Request for Answer Clarification by rochelle_ann-ga on 23 Jun 2006 23:32 PDT
Thanks for the info! This is great news, however I'm still needing a
little more 'proof' that this is the case. Some of the evidence you
provided to support no taxes on inheritance are not from exactly
'reputable' sources, and some are outdated.  If they are still current
and true, then this is great news.  I don't feel though, that my main
concerns have been answered, namely:

1. I'm a US resident, but my inheritance is overseas. This is not a
straightforward case (as in the links you referred me to) of a US
citizen receiving inheritance from a US estate.  My inheritance will
be coming from abroad (New Zealand), to me, in the US.
2.  The info you provided on inheritance tax in NZ was an article
written 2 years ago in a British tabloid - I would prefer some more
'concrete' information. As we all know, the press is not always
accurate - and the paragraph you refer to is not referencing any
specific New Zealand tax law. Again, if it's accurate and true, then
this is great.
3.  If the references you provided all ring true, and I do not have to
pay any federal OR state tax on my inheritance, does this mean that I
get to keep the full amount? or do I have to claim it as income on my
next tax return where I'll get heavily taxed anyway?

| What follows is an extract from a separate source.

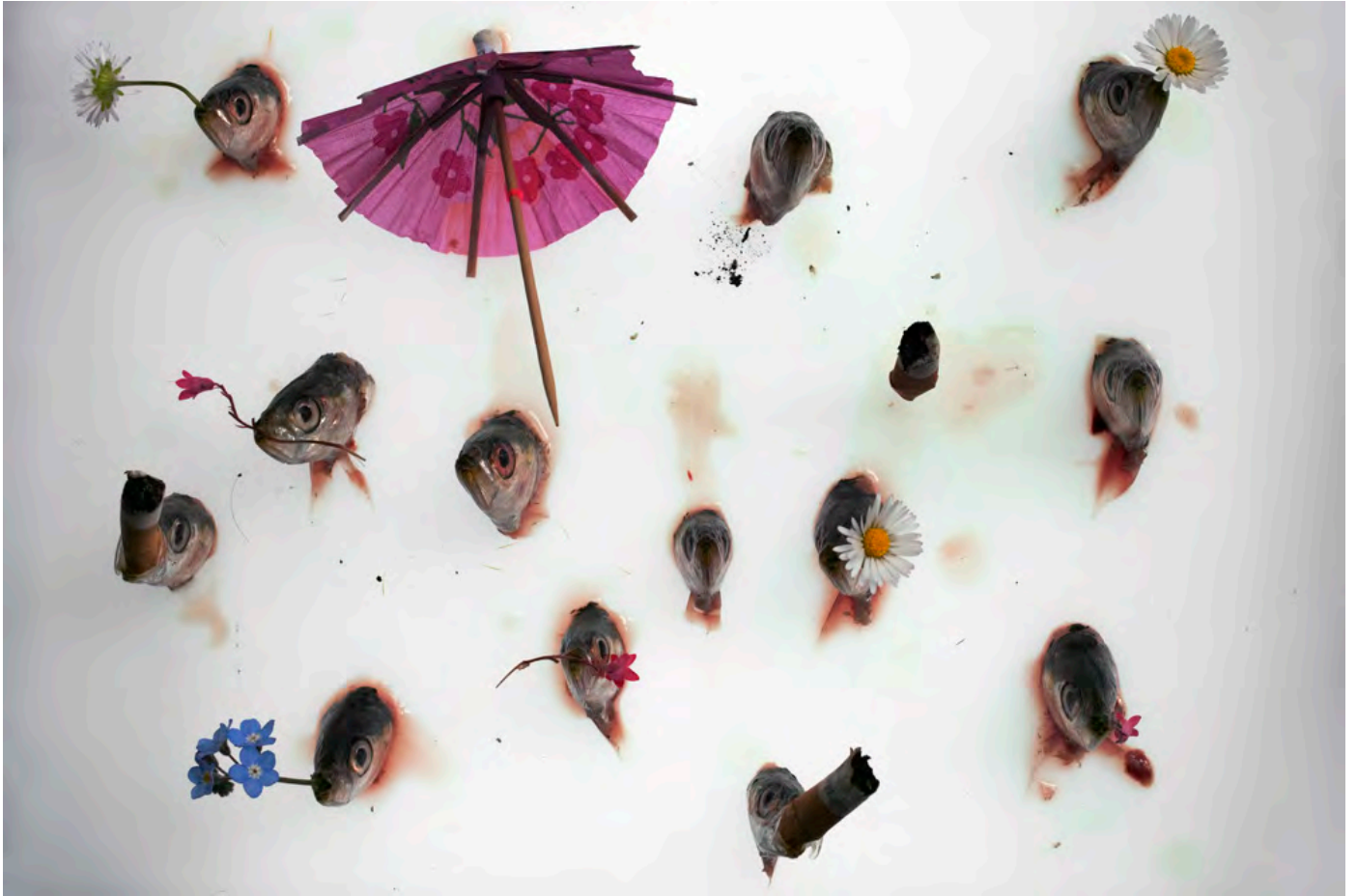
© Philippe Pétremant Tofu friendly , 2017

Thanks for your help in answering this, and I look forward to hearing
from you further!

Clarification of Answer by sublime1-ga on 24 Jun 2006 15:01 PDT

As I noted there are innumerable other results from the Google searches
I linked to which confirm the validity of the information I provided.

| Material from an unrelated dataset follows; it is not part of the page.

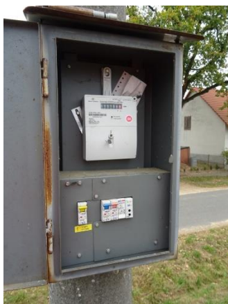
Obr.14 RVO Rakov – celkový pohled na elektroměr

RVO Rakov (blíže neurčeného typu) je umístěn ve skříni na betonovém sloupu společnosti E.ON v části Rakov u čísla popisného 6.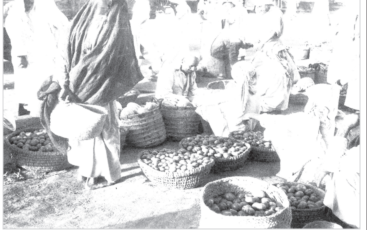
أحد الاسواق التجارية

هذه المواد نشرت بتاريخ 9 - 1 - 1385 هـ. 10 / 5 / 1965 م

Here's one from the New Zealand Government's Department of Immigration

"If you are purchasing property and you come from a larger US city,
 you will find that your housing dollar goes a lot further in New
 Zealand, even with the rising New Zealand dollar.

 When trying to compare cost of living, some things to remember are:
 [...]there is no inheritance tax."

Here's another, from the Amberland website for professional property

"And finally in terms of taxation advantages, there is no inheritance
 or estate tax in New Zealand making the purchase and ownership of
 property attractive to retirees, expatriates, second homers and of
 course, property investors."

I'm fully aware that you're a US citizen, living in Alaska, and
receiving an inheritance from NZ. That's why I verified that NZ
will not be taxing the estate or the inheritance, nor will the US,
since the inheritance is less than the amount which qualifies for
taxation, no matter where it's being received from. And Alaska 
also has no inheritance tax. This is further supported by this 
page from the Alaska Legal Resource Center resource on the Touchngo
website, which documents the Alaska Statutes:

"Chapter 30. Inheritance and Transfer Taxes

 [Repealed, Sec. 1 ch 242 SLA 1970]."

And, as the answer linked in the comment by myoarin-ga notes, about
reporting "other income" on line 21 of form 1040: 

"TIP:  On Line 21, Other Income, do not report any non-taxable amounts
 such as child support, money or property that was inherited, willed to
 you or received as a gift or life insurance proceeds received because
 of a person?s death."

That's from the 2005 1040 form, but, as I noted earlier, this law has
not changed. In the year that I received my inheritance, I did not 
report the amount at all on my income taxes.

I hope that puts you further at ease...time to celebrate!

rochelle_ann-ga rated this answer:5 out of 5 stars and gave an additional tip of: $5.00
Brilliant - thank you so much for your thorough answer. It definitely
has put me at ease, and I can't believe that I will not have to pay
ANY tax! This is such great news, so thank you, thank you, thank you!

Subject: Re: New Zealand inheritance in USD after taxes
From: myoarin-ga on 24 Jun 2006 03:25 PDT
Perhaps the answer to this similar question will help.  See the
clarification at the end of the answer:
Subject: Re: New Zealand inheritance in USD after taxes
From: sublime1-ga on 27 Jun 2006 11:34 PDT

Thanks very much for the 5 stars and the tip!